## TASK GOAL:
Using the records below, copy exactly the part that opens with the line holding "Artégo Dream Mask" and closes with the line holding "S2W Media knows", minus the pictures.

## THE DATA:
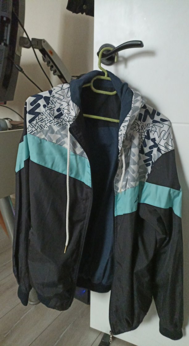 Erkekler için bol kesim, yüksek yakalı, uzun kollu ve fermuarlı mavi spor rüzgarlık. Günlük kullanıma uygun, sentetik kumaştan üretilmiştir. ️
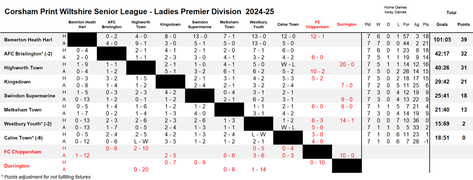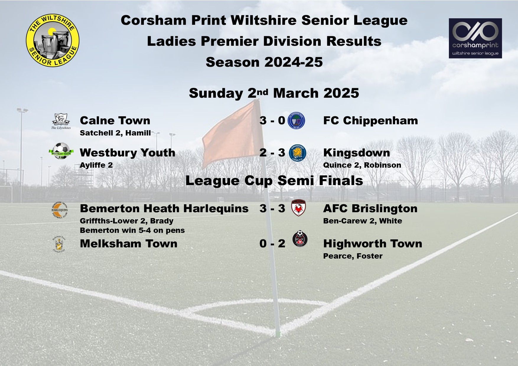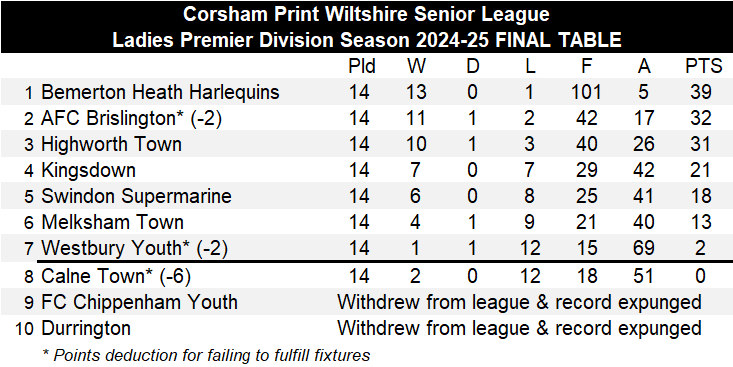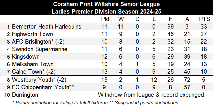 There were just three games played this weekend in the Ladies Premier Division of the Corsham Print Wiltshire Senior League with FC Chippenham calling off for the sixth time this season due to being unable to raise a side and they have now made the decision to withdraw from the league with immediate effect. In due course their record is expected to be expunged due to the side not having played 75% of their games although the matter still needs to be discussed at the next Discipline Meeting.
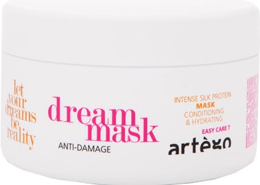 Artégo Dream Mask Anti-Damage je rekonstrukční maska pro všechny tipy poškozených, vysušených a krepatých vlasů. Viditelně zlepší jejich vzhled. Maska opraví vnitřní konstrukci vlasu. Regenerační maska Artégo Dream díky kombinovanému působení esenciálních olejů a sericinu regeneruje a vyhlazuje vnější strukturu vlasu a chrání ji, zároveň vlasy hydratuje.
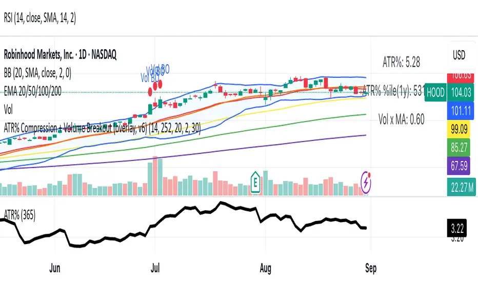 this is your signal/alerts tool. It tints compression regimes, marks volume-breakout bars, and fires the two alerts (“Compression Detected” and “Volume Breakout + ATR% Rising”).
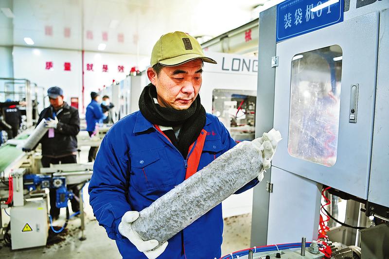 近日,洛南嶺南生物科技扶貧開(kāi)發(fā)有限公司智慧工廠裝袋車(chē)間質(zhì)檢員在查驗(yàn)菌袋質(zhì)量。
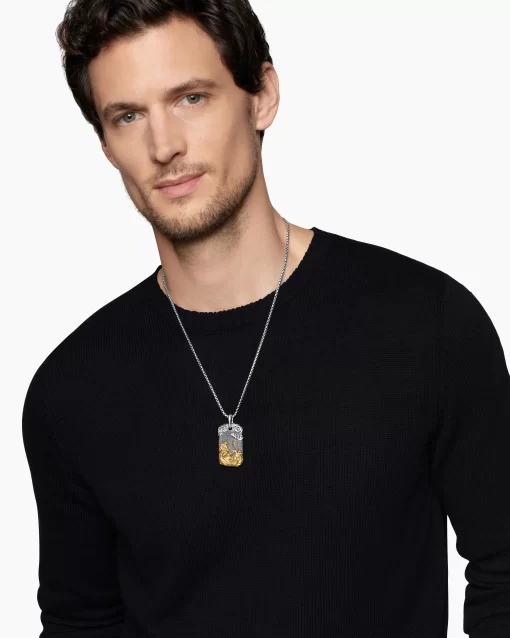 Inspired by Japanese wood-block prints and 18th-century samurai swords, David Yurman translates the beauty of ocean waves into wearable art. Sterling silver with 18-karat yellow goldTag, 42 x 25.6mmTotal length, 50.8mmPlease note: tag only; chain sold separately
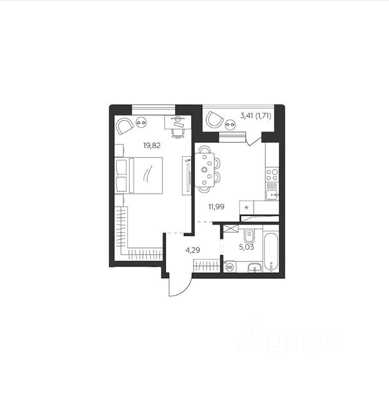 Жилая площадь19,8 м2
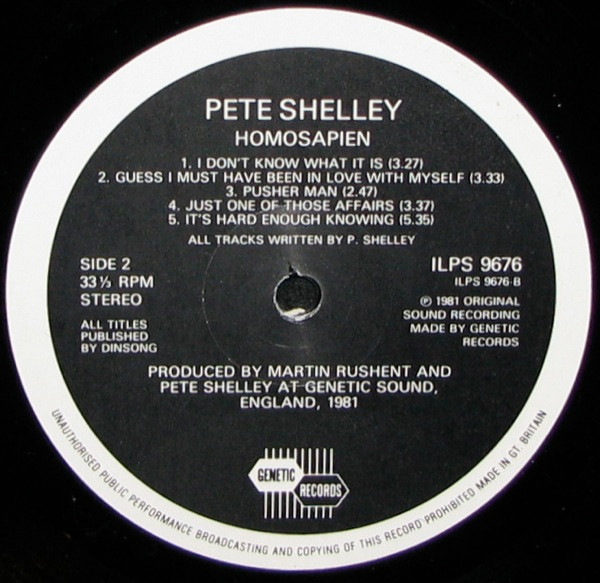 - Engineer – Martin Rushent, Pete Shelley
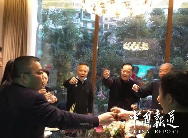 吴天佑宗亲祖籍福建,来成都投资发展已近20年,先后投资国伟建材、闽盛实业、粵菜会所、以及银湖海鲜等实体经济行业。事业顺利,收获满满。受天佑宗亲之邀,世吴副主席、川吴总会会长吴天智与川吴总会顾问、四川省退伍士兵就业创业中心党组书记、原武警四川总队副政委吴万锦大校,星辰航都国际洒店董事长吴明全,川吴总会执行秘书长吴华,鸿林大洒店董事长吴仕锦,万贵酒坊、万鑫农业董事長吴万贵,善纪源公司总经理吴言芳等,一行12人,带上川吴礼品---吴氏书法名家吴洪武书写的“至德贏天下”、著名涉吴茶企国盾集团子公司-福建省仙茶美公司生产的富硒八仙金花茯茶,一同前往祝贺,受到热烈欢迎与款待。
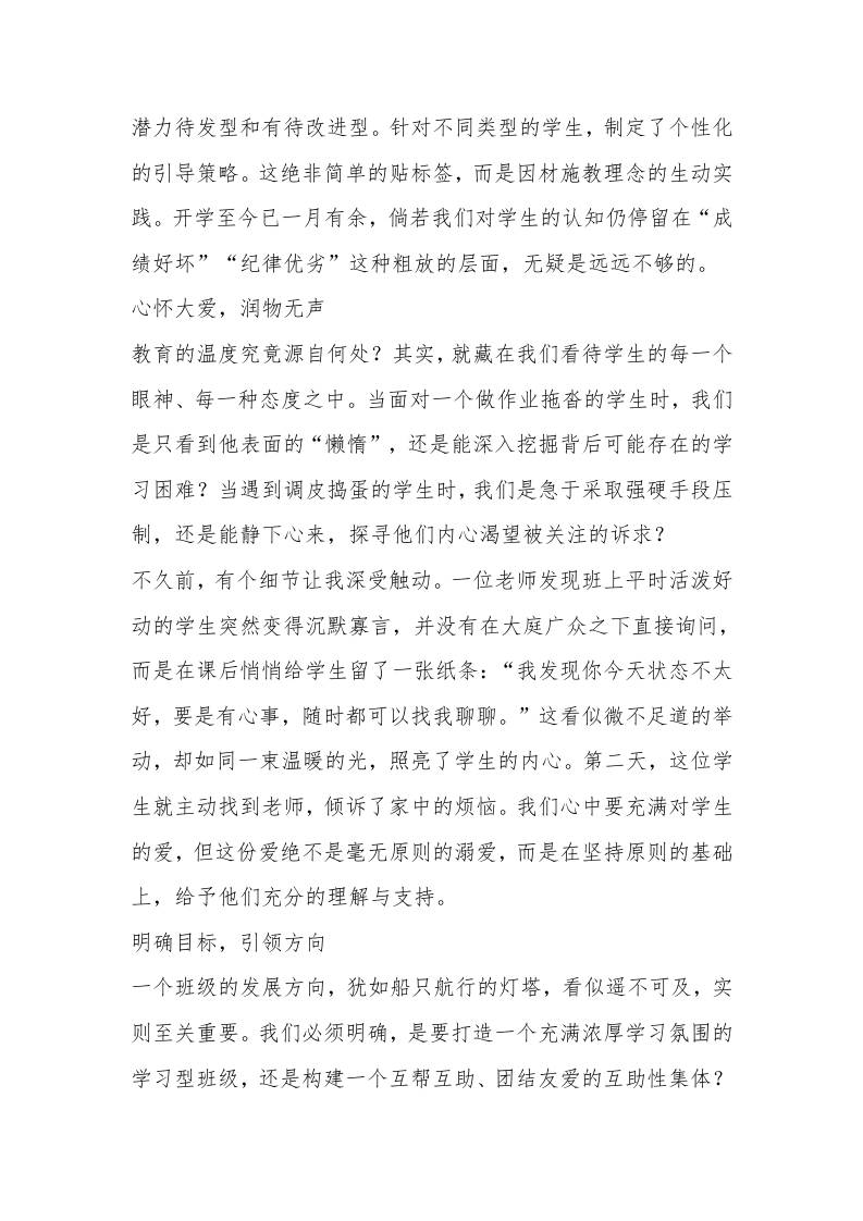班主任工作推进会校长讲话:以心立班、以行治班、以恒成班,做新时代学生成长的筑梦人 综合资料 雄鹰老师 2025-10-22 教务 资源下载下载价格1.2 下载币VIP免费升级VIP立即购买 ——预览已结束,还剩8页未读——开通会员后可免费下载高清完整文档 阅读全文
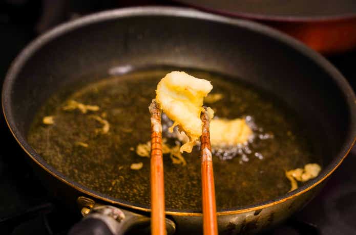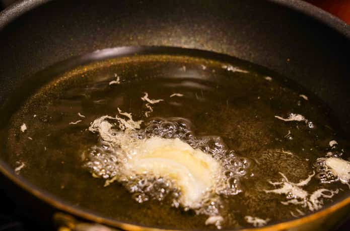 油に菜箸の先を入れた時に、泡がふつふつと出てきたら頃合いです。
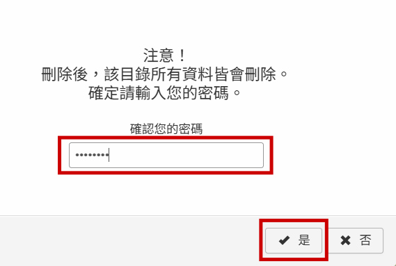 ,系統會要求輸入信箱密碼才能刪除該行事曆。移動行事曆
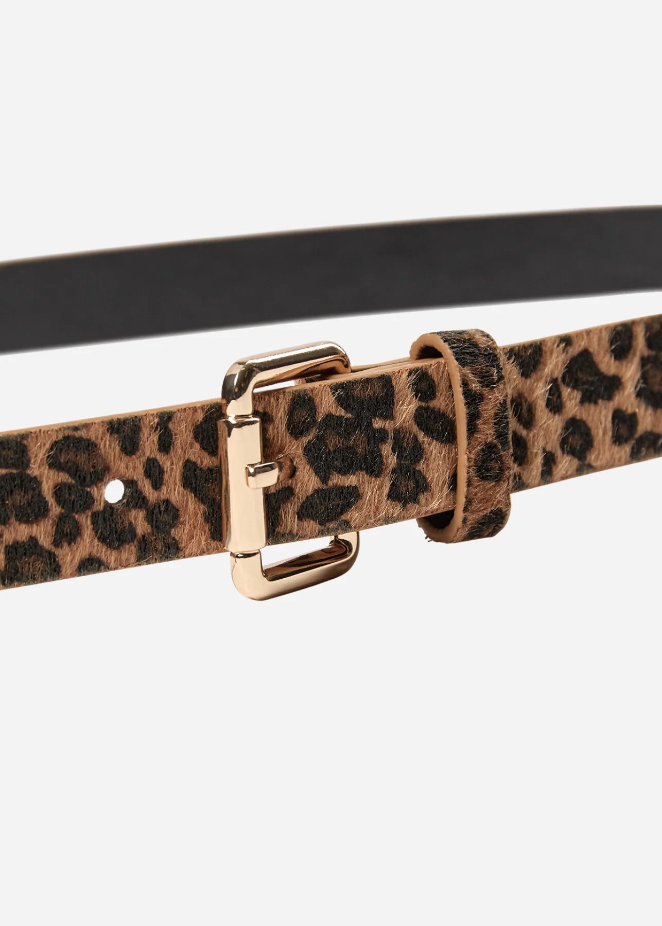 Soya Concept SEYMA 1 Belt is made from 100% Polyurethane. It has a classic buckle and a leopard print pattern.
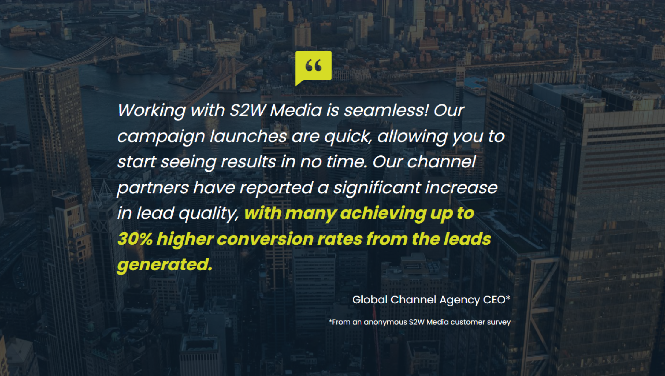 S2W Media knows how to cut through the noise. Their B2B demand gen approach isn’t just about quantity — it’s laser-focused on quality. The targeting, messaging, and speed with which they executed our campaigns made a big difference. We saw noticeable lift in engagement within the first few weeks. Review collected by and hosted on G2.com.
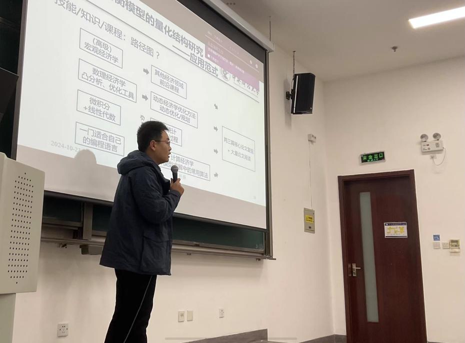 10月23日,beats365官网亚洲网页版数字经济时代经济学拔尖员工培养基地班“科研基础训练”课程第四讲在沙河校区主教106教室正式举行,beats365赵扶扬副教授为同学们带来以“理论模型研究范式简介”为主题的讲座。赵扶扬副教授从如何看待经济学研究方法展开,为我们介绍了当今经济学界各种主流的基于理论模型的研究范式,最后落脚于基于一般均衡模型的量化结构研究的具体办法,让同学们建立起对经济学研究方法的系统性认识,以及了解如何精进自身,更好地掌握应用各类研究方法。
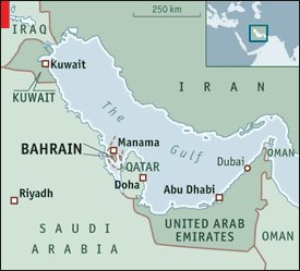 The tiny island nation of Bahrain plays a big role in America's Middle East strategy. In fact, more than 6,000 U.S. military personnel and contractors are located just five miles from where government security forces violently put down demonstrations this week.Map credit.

## OUTPUT FOR THIS TASK:
 Artégo Dream Mask Anti-Damage je rekonstrukční maska pro všechny tipy poškozených, vysušených a krepatých vlasů. Viditelně zlepší jejich vzhled. Maska opraví vnitřní konstrukci vlasu. Regenerační maska Artégo Dream díky kombinovanému působení esenciálních olejů a sericinu regeneruje a vyhlazuje vnější strukturu vlasu a chrání ji, zároveň vlasy hydratuje.
 this is your signal/alerts tool. It tints compression regimes, marks volume-breakout bars, and fires the two alerts (“Compression Detected” and “Volume Breakout + ATR% Rising”).
 近日,洛南嶺南生物科技扶貧開(kāi)發(fā)有限公司智慧工廠裝袋車(chē)間質(zhì)檢員在查驗(yàn)菌袋質(zhì)量。
 Inspired by Japanese wood-block prints and 18th-century samurai swords, David Yurman translates the beauty of ocean waves into wearable art. Sterling silver with 18-karat yellow goldTag, 42 x 25.6mmTotal length, 50.8mmPlease note: tag only; chain sold separately
 Жилая площадь19,8 м2
 - Engineer – Martin Rushent, Pete Shelley
 吴天佑宗亲祖籍福建,来成都投资发展已近20年,先后投资国伟建材、闽盛实业、粵菜会所、以及银湖海鲜等实体经济行业。事业顺利,收获满满。受天佑宗亲之邀,世吴副主席、川吴总会会长吴天智与川吴总会顾问、四川省退伍士兵就业创业中心党组书记、原武警四川总队副政委吴万锦大校,星辰航都国际洒店董事长吴明全,川吴总会执行秘书长吴华,鸿林大洒店董事长吴仕锦,万贵酒坊、万鑫农业董事長吴万贵,善纪源公司总经理吴言芳等,一行12人,带上川吴礼品---吴氏书法名家吴洪武书写的“至德贏天下”、著名涉吴茶企国盾集团子公司-福建省仙茶美公司生产的富硒八仙金花茯茶,一同前往祝贺,受到热烈欢迎与款待。
班主任工作推进会校长讲话:以心立班、以行治班、以恒成班,做新时代学生成长的筑梦人 综合资料 雄鹰老师 2025-10-22 教务 资源下载下载价格1.2 下载币VIP免费升级VIP立即购买 ——预览已结束,还剩8页未读——开通会员后可免费下载高清完整文档 阅读全文
 油に菜箸の先を入れた時に、泡がふつふつと出てきたら頃合いです。
 ,系統會要求輸入信箱密碼才能刪除該行事曆。移動行事曆
 Soya Concept SEYMA 1 Belt is made from 100% Polyurethane. It has a classic buckle and a leopard print pattern.
 S2W Media knows how to cut through the noise. Their B2B demand gen approach isn’t just about quantity — it’s laser-focused on quality. The targeting, messaging, and speed with which they executed our campaigns made a big difference. We saw noticeable lift in engagement within the first few weeks. Review collected by and hosted on G2.com.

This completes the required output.